> Task instructions:
In the data below, find the line containing "Накладной двухкомпонентный алюминиевый"; transcribe it and each line after it exactly, through the last, skipping pictures.
Information shown START
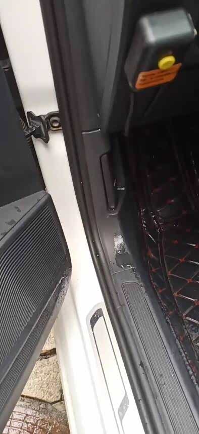 王女士说,开始她也没多想,以为是外面雨下得大,水顺着门缝渗进来了。谁知两天后发现,即便只是下小雨,驾驶室下方脚垫还是湿透了。她和爱人杨先生仔细找了找才发现,驾驶室左下侧门边合页旁正滴滴答答地漏水,夫妻二人这才联系了4S店检修。
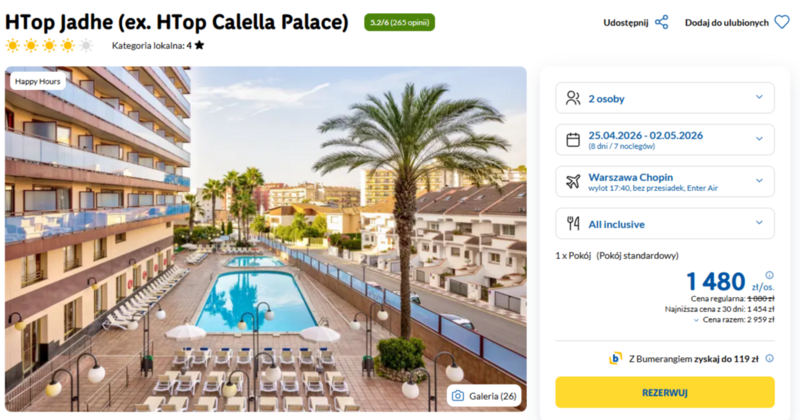 Ten wyjątkowy wyjazd do czterogwiazdkowego hotelu HTop Jadhe, znanego wcześniej jako HTop Calella Palace, gwarantuje wypoczynek w urokliwym kurorcie Calella. Goście chwalą obiekt za znakomitą lokalizację blisko piaszczysto-żwirowej plaży oraz profesjonalną i zawsze uśmiechniętą obsługę, z którą można porozumieć się nawet w języku polskim. Wypoczynek odbywa się w formule all inclusive, obejmującej pełne wyżywienie w formie bufetu z bogatym wyborem dań hiszpańskich oraz lokalnych trunków i przekąsek.
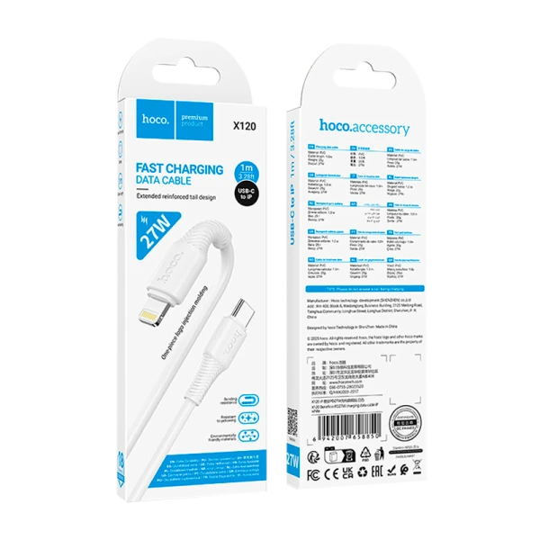 Кабель HOCO X120 Type-C (m)-Lightning (m) 1м 27W силикон белый.
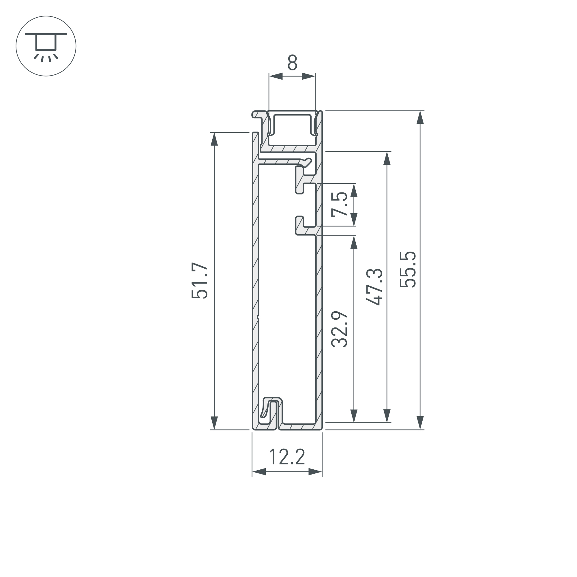 Накладной двухкомпонентный алюминиевый профиль-плинтус с кабель-каналом белого цвета для контурной подсветки помещения. Габаритные размеры этого профиля составляют 2000 мм в длину, 12,2 мм в ширину и 55,5 мм в высоту. Площадка для установки светодиодных лент позволяет использовать ленту шириной до 8 мм и мощностью до 30 Вт/м. Это обеспечивает гибкость в выборе светодиодных лент и создает потрясающие световые решения.
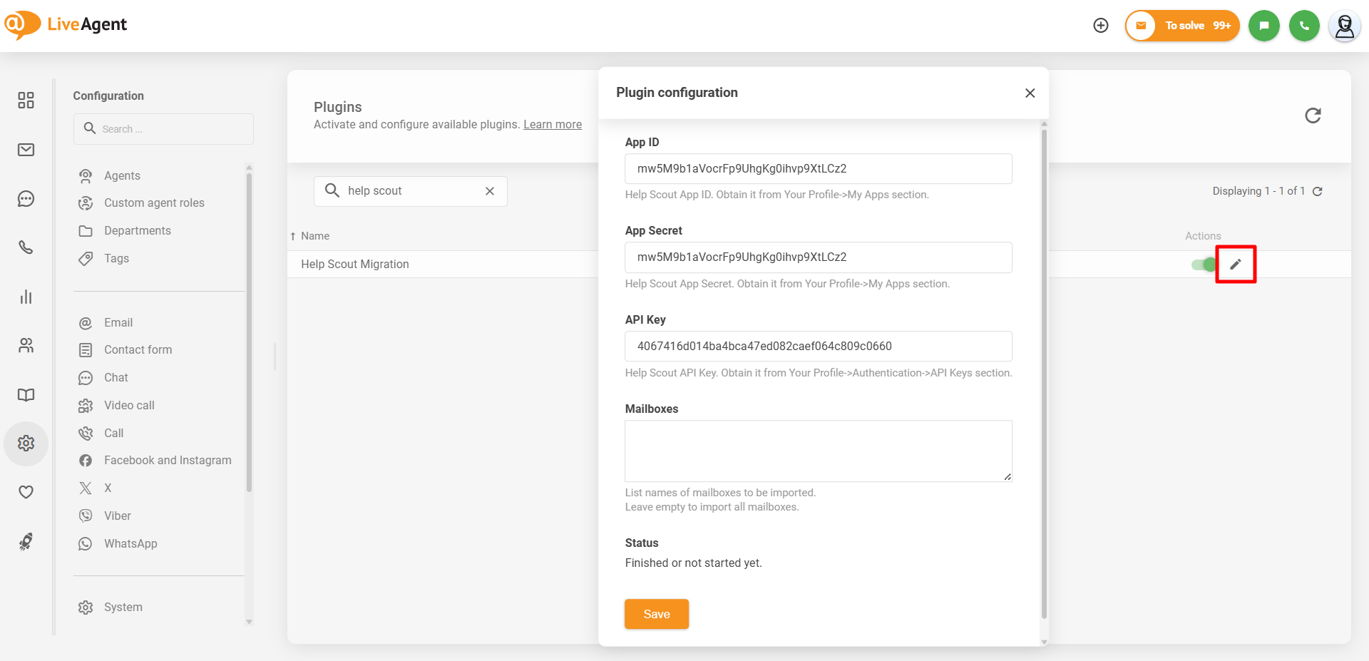プラグインを有効化してパネルを更新したら、Configure(設定)ボタン(鉛筆アイコン)をクリックしてプラグインの設定を行います。設定ウィンドウで、カスタムHelp ScoutアプリのApp IDとApp Secret、およびHelp Scout APIキーをそれぞれの入力欄に入力します。特定のHelp Scout受信ボックスからのみチケットを移行したい場合は、“Mailboxes”(メールボックス)フィールドにその名前をカンマ区切りで入力してください。入力がない場合は、すべての受信ボックスのチケットが移行されます。“Save”(保存)ボタンをクリックして移行を開始します。
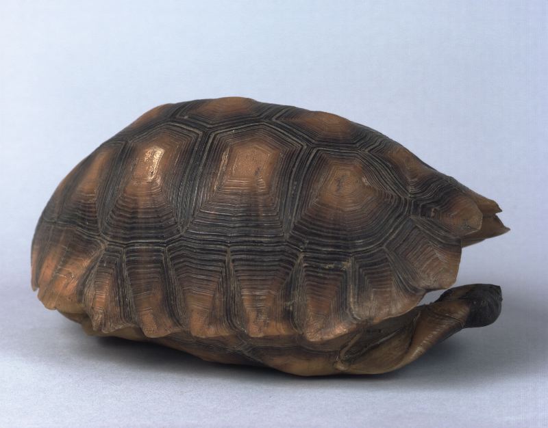 Instrument av gnidtyp av ett skal av landsköldpadda. Vid huvudändans
Information shown END
> Exercise result:
 Накладной двухкомпонентный алюминиевый профиль-плинтус с кабель-каналом белого цвета для контурной подсветки помещения. Габаритные размеры этого профиля составляют 2000 мм в длину, 12,2 мм в ширину и 55,5 мм в высоту. Площадка для установки светодиодных лент позволяет использовать ленту шириной до 8 мм и мощностью до 30 Вт/м. Это обеспечивает гибкость в выборе светодиодных лент и создает потрясающие световые решения.
プラグインを有効化してパネルを更新したら、Configure(設定)ボタン(鉛筆アイコン)をクリックしてプラグインの設定を行います。設定ウィンドウで、カスタムHelp ScoutアプリのApp IDとApp Secret、およびHelp Scout APIキーをそれぞれの入力欄に入力します。特定のHelp Scout受信ボックスからのみチケットを移行したい場合は、“Mailboxes”(メールボックス)フィールドにその名前をカンマ区切りで入力してください。入力がない場合は、すべての受信ボックスのチケットが移行されます。“Save”(保存)ボタンをクリックして移行を開始します。
 Instrument av gnidtyp av ett skal av landsköldpadda. Vid huvudändans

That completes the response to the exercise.